I built a simple program running via Apache that throttles RSS downloads: a given IP and user agent combination can only request a given RSS feed file if it’s changed since they last retrieved it.
He argues that this solution worked for him. It’s hard to tell from his daily RSS bar-chart whether the solution (deployed on 11/20) is responsible for the decrease in RSS bandwidth (which seems to start a couple of days before that), but what concerns me most about this solution is that it requires per-client state to be maintained on the server.
I’m uncomfortable with this solution because it’s hard to make it scale. First, you have to hit a database (of some kind) to cross-reference the client IP address with its last fetch time. Maybe that’s not a big deal; after all, you’re hitting the database to read your website data too. But then you have to write to the database in order to record the new fetch time (if the RSS feed has changed), and database writes are slow.

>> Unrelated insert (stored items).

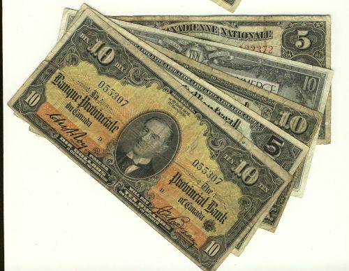 Lot of 5 different small size chartered notes including Bank of Montreal 1935 $10 1938 $5,, Provincial Bank 1936 $10, Banque Canadienne Nationale 1935 $5 Canadian Bank of Commerce 1935 $10. Grades vary from VG to Fine.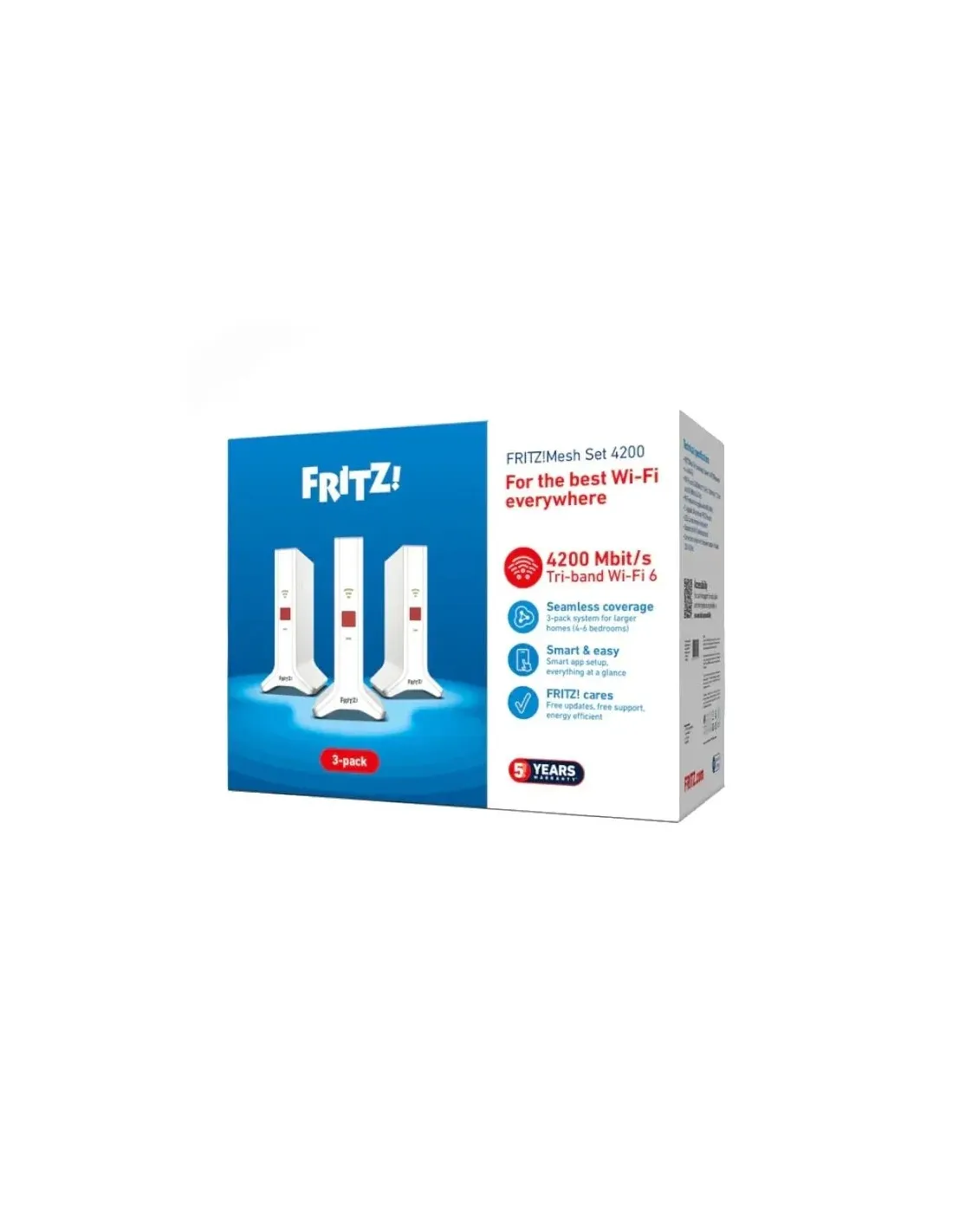Marca FRITZ! Modelo 20003109 Frecuencias - 2,4 GHz - 5 GHz Velocidades inalámbricas - Wi-Fi 6 hasta 4.200 Mbps - 5 GHz hasta 2.400 Mbps (4 x 4) - 5 GHz hasta 1.200 Mbps (2 x 2) - 2,4 GHz hasta 600 Mbps (2 x 2) Puertos - 2 x Gigabit Ethernet por repetidor Estándares inalámbricos - IEEE 802.11a/g/n/ac/ax (Wi?Fi 6) Seguridad - WPA2 - WPA3 - Red de invitados - Control parental con límites de tiempo y filtros Características - Repetidor inalámbrico de alto rendimiento - Tres radios para suministro óptimo de múltiples dispositivos simultáneos - Compatible con FRITZ!Box, otros routers o conexión directa a módem de fibra / ONT - Sistema Mesh Wi?Fi - Programación Wi?Fi - Conexión sencilla mediante WPS - Pantalla con estado y calidad de conexión - Interfaz de gestión vía navegador y app - Consumo medio 9 W por repetidor Dimensiones y peso - 90 × 190 × 145 mm Contenido - 3 x FRITZ!Repeater 3000 AX Fecha de revisión 10-02-2026 por IS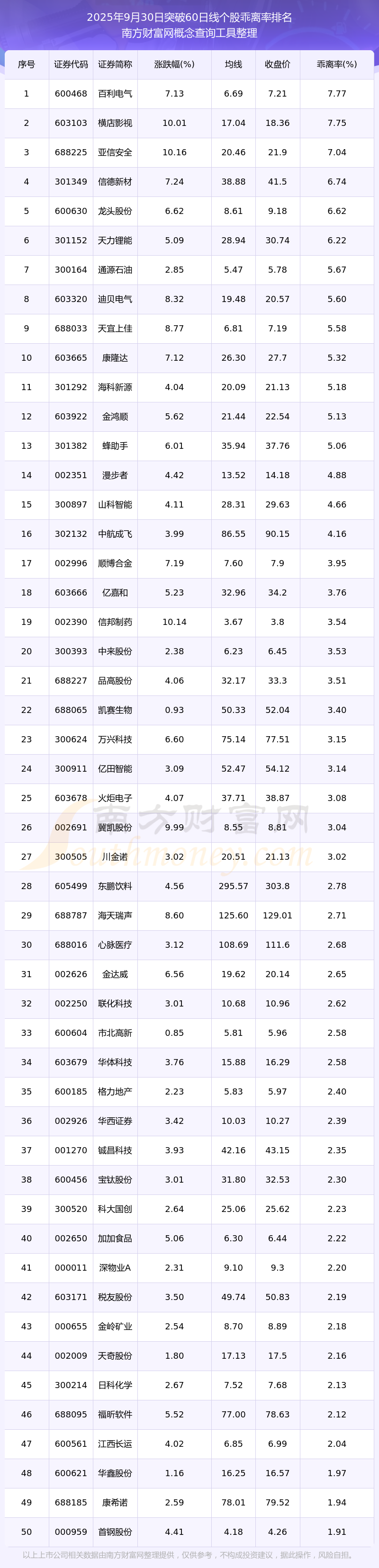 根據(jù)南方財富網(wǎng)概念查詢工具數(shù)據(jù)統(tǒng)計,截止2025年9月30日收盤,共有160只個股收盤價向上突破了60日線,其中乖離率較大的個股有百利電氣、橫店影視、亞信安全、信德新材、龍頭股份等,乖離率分別為7.77%、7.75%、7.04%、6.74%、6.62%。 2025年9月30日突破60日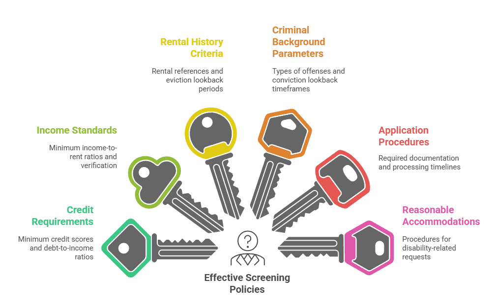 • All screening criteria must be documented in written policies and applied uniformly to avoid fair housing violations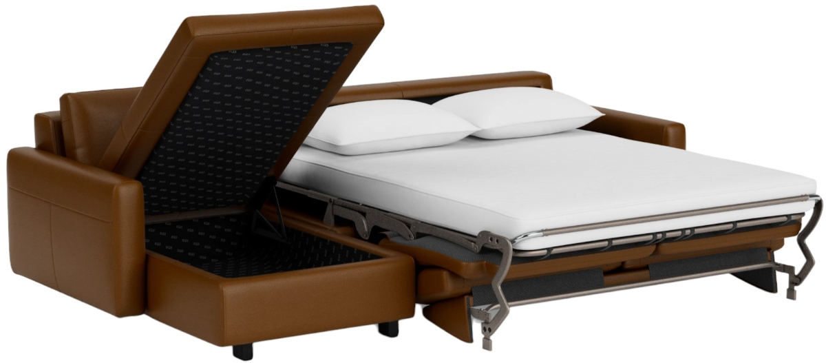 With a compact footprint and a sleek silhouette, our Reva sleeper collection incorporates both ease-of-use and extra storage. No need to remove the cushions: simply pull an effortless lift mechanism to expose its memory foam mattress and let impromptu sleepovers meet their match.Read More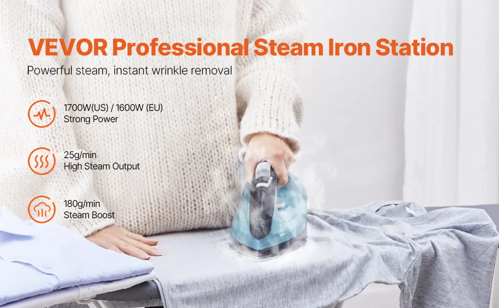 Leistungsstarke Bügelleistung: Mit 1600 W Leistung heizt sich dieses Dampfbügeleisen schnell auf. Unser Bügeleisen für Kleidung liefert 25 g/min Dauerdampf und 180 g/min Dampfstoß, um Falten im Handumdrehen effektiv zu glätten.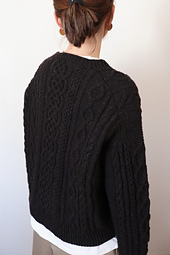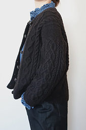 **Hoff Aran Cardigan** is a drop-shoulder cardigan featuring classic Aran patterns.

The other obvious problem with this approach is that IP address (well, IP address combined with User-Agent) is no good for hosts hidden by address translation. Actually, I don’t think the User-Agent string helps much at all, since hosts behind NATs (home computers, office computers) tend to have homogenous software environments and are therefore likely to have identical UAs. So that means only one user behind a NAT is able to get each new RSS item. (Not one at a time: one, period. Until the RSS changes again, and then it’s a race to see who can snag the file first.) [Update: Dann Sheridan experiences this exact problem.]